Start of Dataset content

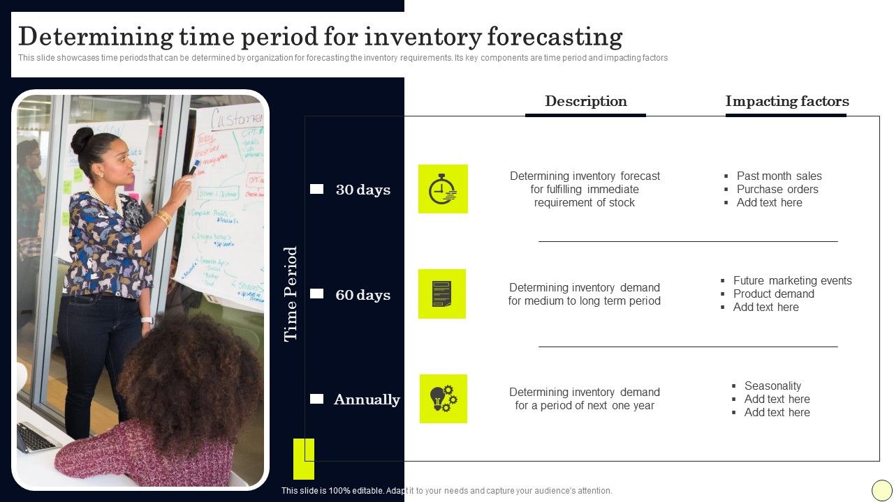 This slide showcases time periods that can be determined by organization for forecasting the inventory requirements. Its key components are time period and impacting factors. Want to ace your presentation in front of a live audience Our Determining Time Period For Inventory Forecasting Introduction PDF can help you do that by engaging all the users towards you. Slidegeeks experts have put their efforts and expertise into creating these impeccable powerpoint presentations so that you can communicate your ideas clearly. Moreover, all the templates are customizable, and easy to edit and downloadable. Use these for both personal and commercial use.
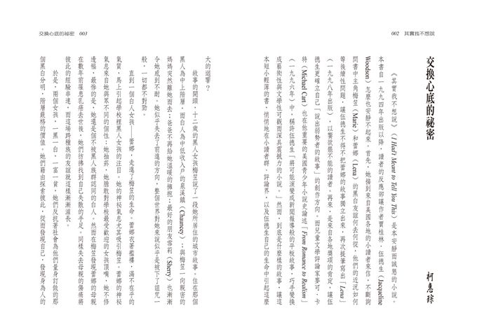 《其實我不想說》(I Had’t Meant to Tell You This)是本安靜而誠懇的小說。本書自一九九四年出版以降,讀者的反應卻讓作者賈桂林.伍德生(JacquelineWoodson)怎麼也安靜不起來。首先,她接到來自美國各地的小讀者來信,不斷詢問書中主角梅笠(Marie)和蕾娜(Lena)的黑白友誼何去何從,他們的近況如何等後續性問題,讓伍德生不得不把蕾娜的故事獨立出來,再次提筆寫出「Lena」
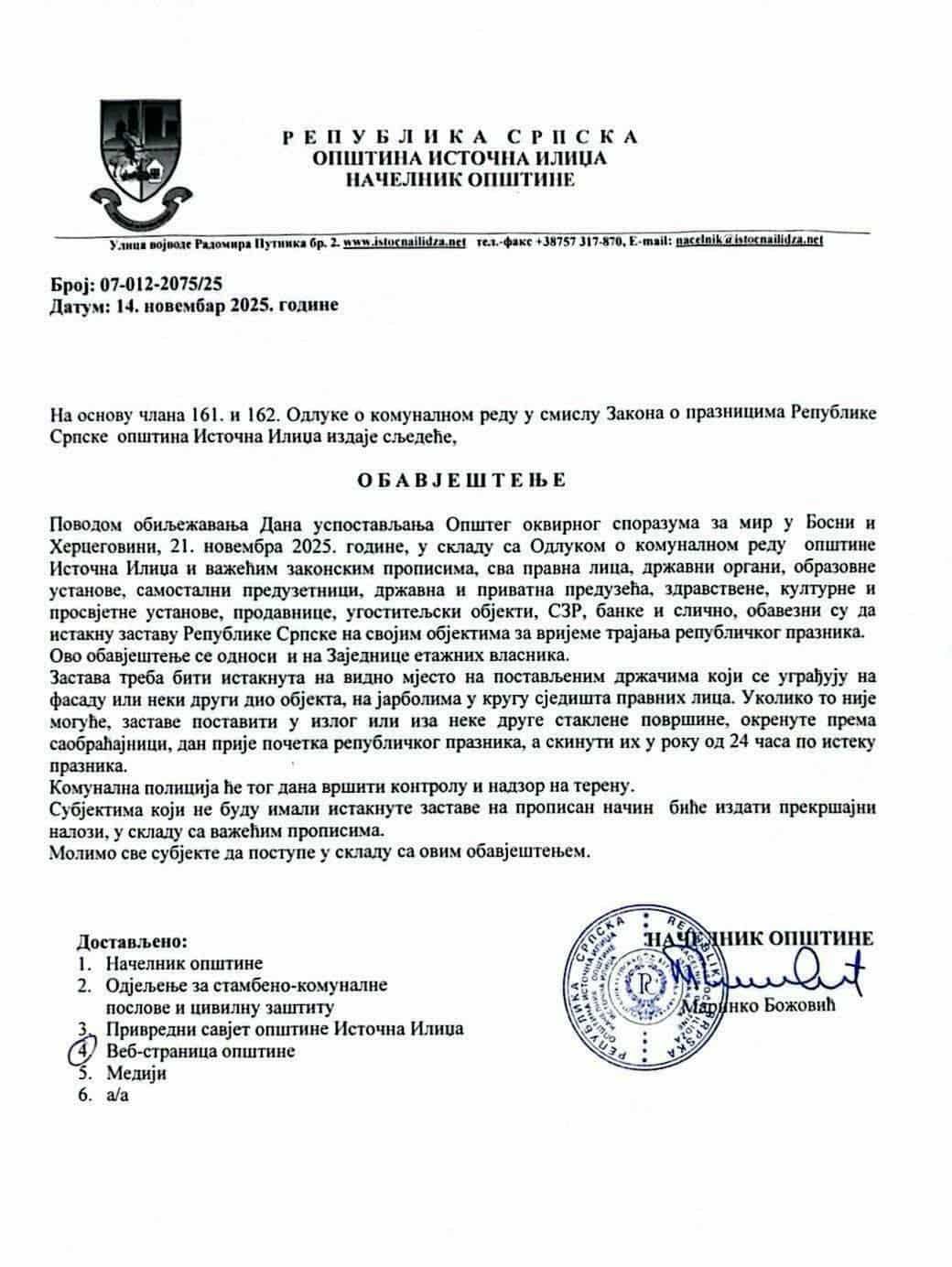 Načelnik Opštine Istočna Ilidža, Marinko Božović (SDS), izdao je zvanično obavještenje kojim se nalaže svim pravnim i fizičkim licima da 21. novembra, povodom Dana uspostavljanja Općeg okvirnog sporazuma za mir u BiH, istaknu zastavu Republike Srpske na svojim objektima.
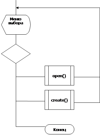 void open() - открытие файла БД. Идет запрос на имя файла , после этого к имени файла автоматически добавляется расширение “.dat” имя этого файла считается рабочим для всей программы. При удачном открытии файла его имя передается в функцию void interface(char *) и т.д.;
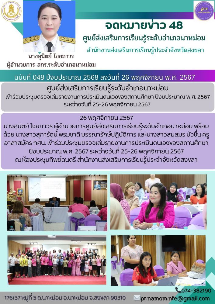 นางสุนิตย์ ไชยถาวร ผู้อำนวยการศูนย์ส่งเสริมการเรียนรู้ระดับอำเภอนาหม่อม พร้อมด้วย นางสาวสุภารัตน์ พรมชาติ บรรณารักษ์ปฏิบัติการ และนางสาวสมสมร บัวชื่น ครู อาสาสมัคร กศน. เข้าร่วมประชุมตรวจเล่มรายงานการประเมินตนเองของสถานศึกษา ปีงบประมาณ พ.ศ. 2567 ระหว่างวันที่ 25-26 พฤศจิกายน 2567
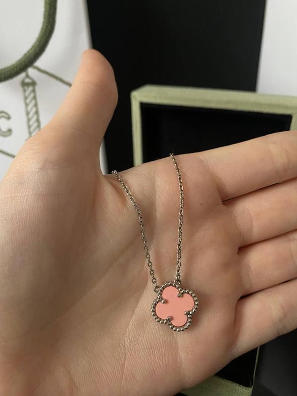 Серебряная брендовая цепочка с розовым клевером, люкс качество!
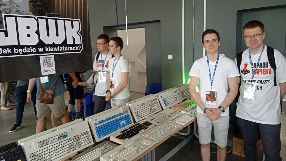 Wystawcy. Mniej liczni niż podczas naszego ostatniego pobytu. Łatwo to było stwierdzić bo kilka sal, które kiedyś zwiedzaliśmy, teraz było zamkniętych. Doskwierał brak fliperów (te podróbki… proszę) i oryginalnych maszyn arcade. Braki starały się zrekompensować konsole i retrokomputery, na których można było pograć. Podobało nam się pomieszczenie z mnóstwem plastikowych spluw i sala piłkarska, gdzie na wielkim telewizorze można było zagrać w Sensible Soccer. Oczywiście musieliśmy spróbować. Jak samopoczucie, Junior? 🙂 Jeśli chodzi o sklepy i wydawców to zabrakło kilku znanych marek, część stałych bywalców jednak się pojawiła (m.in. Retronics czy K&A Plus). Jak zwykle sporo było indyczych twórców gier, których produkcje można było sprawdzić w akcji (pozdrowienia dla autora podróbki Airwolfa – fajna). Nasze serca skradła wystawa klawiatur komputerowych. Junior nie mógł się oderwać od maszyny do pisania, a Kambr Ordowik rywalizował ze mną w pisaniu na czas. Chyba wygrał, nie pamiętam dokładnie 😉 Pamiętam za to że kupiłem sobie świeczkę zapachową, prawdziwą, nie komputerową.
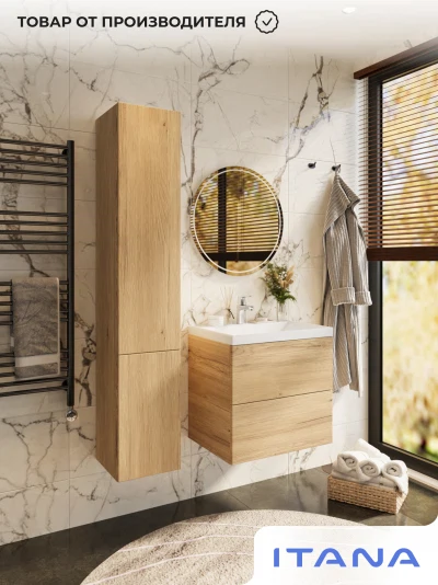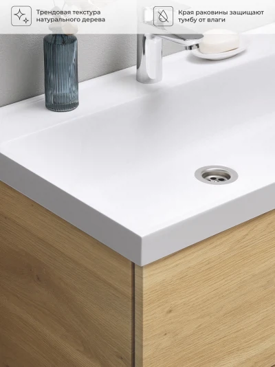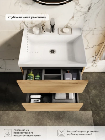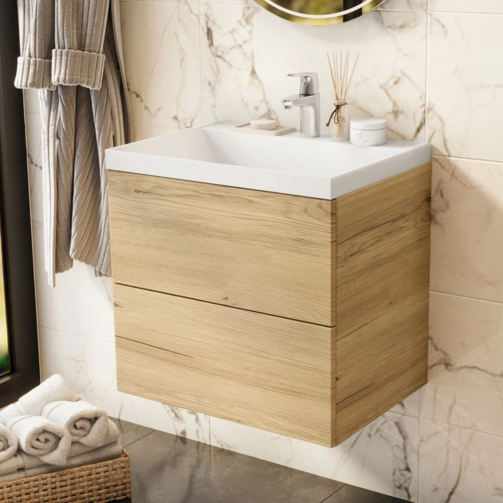 Тумба с раковиной подвесная Итана Icon 60 с выдвижными ящиками Дуб Мавелла Голд
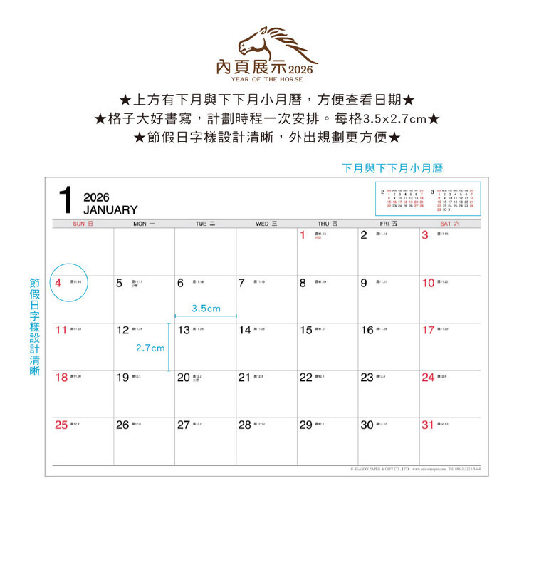 ◆節假日字樣設計清晰,書寫欄位大,計劃時程一次安排。
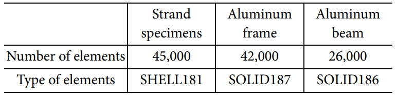 Fig. 2에는 해석에 사용된 최종 모델이 나타나 있다. 실제 빔의 형상에서 토우가 감기는 홈의 위치를 고려하여 12개의 스트랜드 시편

End of Dataset content

_Prompt_.
Between and including the line above that contains "Had’t Meant to" and the line that contains "Серебряная брендовая цепочка", restate every line word for word. Pictures stay out.

_Answer to this problem_.
 《其實我不想說》(I Had’t Meant to Tell You This)是本安靜而誠懇的小說。本書自一九九四年出版以降,讀者的反應卻讓作者賈桂林.伍德生(JacquelineWoodson)怎麼也安靜不起來。首先,她接到來自美國各地的小讀者來信,不斷詢問書中主角梅笠(Marie)和蕾娜(Lena)的黑白友誼何去何從,他們的近況如何等後續性問題,讓伍德生不得不把蕾娜的故事獨立出來,再次提筆寫出「Lena」
 Načelnik Opštine Istočna Ilidža, Marinko Božović (SDS), izdao je zvanično obavještenje kojim se nalaže svim pravnim i fizičkim licima da 21. novembra, povodom Dana uspostavljanja Općeg okvirnog sporazuma za mir u BiH, istaknu zastavu Republike Srpske na svojim objektima.
 void open() - открытие файла БД. Идет запрос на имя файла , после этого к имени файла автоматически добавляется расширение “.dat” имя этого файла считается рабочим для всей программы. При удачном открытии файла его имя передается в функцию void interface(char *) и т.д.;
 นางสุนิตย์ ไชยถาวร ผู้อำนวยการศูนย์ส่งเสริมการเรียนรู้ระดับอำเภอนาหม่อม พร้อมด้วย นางสาวสุภารัตน์ พรมชาติ บรรณารักษ์ปฏิบัติการ และนางสาวสมสมร บัวชื่น ครู อาสาสมัคร กศน. เข้าร่วมประชุมตรวจเล่มรายงานการประเมินตนเองของสถานศึกษา ปีงบประมาณ พ.ศ. 2567 ระหว่างวันที่ 25-26 พฤศจิกายน 2567
 Серебряная брендовая цепочка с розовым клевером, люкс качество!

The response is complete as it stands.